We know that $\displaystyle \int^{\infty}_{0} e^{-at} \ dt = \frac {1}{a}$

$\displaystyle (\text{-}1)^{n}\frac {\partial^{n}}{\partial a^{n}} \int^{\infty}_{0} e^{-at} \ dt = (\text{-}1)^{n}\int^{\infty}_{0} \frac {\partial^{n}(e^{-at})}{\partial a^{n}} \ dt$ $\displaystyle = \int^{\infty}_{0}t^{n}e^{-at} \ dt$

and $\displaystyle (\text{-1})^{n}\frac {\partial^{n}}{\partial a^{n}}\frac{1}{a} = \frac{n!} {a^{n-1}}$

so $\displaystyle \int^{\infty}_{0}t^{n}e^{-at} \ dt = \frac{n!}{a^{n-1}}$

now let a =1

then $\displaystyle \int^{\infty}_{0}t^{n}e^{-t} \ dt = n!$
• Jul 29th 2009, 06:27 AM
HallsofIvy
But where do you show that "repeatedly differentiating under the integral is permitted"?

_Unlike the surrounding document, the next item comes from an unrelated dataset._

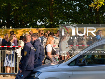 Police officers stand by with explosives detection dog units as security operations continue following a bomb threat at the Oktoberfest grounds in Munich, Bavaria, Germany, on October 1, 2025. Special vehicles equipped for detection dogs are deployed near festival entrances.

I think I would be inclined to use "proof by induction", avoiding differentiating under the integral.

If t= 0, $\displaystyle \int_0^\infty e^{-t}dx= 1= 0!$

Assume that for some k, [tex]\int_0^\infty t^ke^{-t}dx= k!. Then do$\displaystyle \int_0^\infty t^{k+1}e^{-t}dt$ using integration by parts: let $\displaystyle u= t^{k+1}$, $\displaystyle dv= e^{-t}dt$ so that [tex]du= (k+1)t^k dt[tex] and $\displaystyle v= -e^{-t}$. Then the integral becomes $\displaystyle \left[-t^{k+1}e^{-t}\right]_0^\infty+ (k+1)\int_0^\infty t^k e^{-t}dt$[tex]= (k+1)k!= (k+1)!

(Ahhh! I see that mr. fantastic already suggested that.)
• Jul 29th 2009, 08:06 AM
Random Variable
Quote:

But where do you show that "repeatedly differentiating under the integral is permitted"?
I think it's permitted because $\displaystyle f(t, a) = e^{-at}$ and the first n derivatives of $\displaystyle f(t,a)$ are continuous in both t and a. Am I mistaken?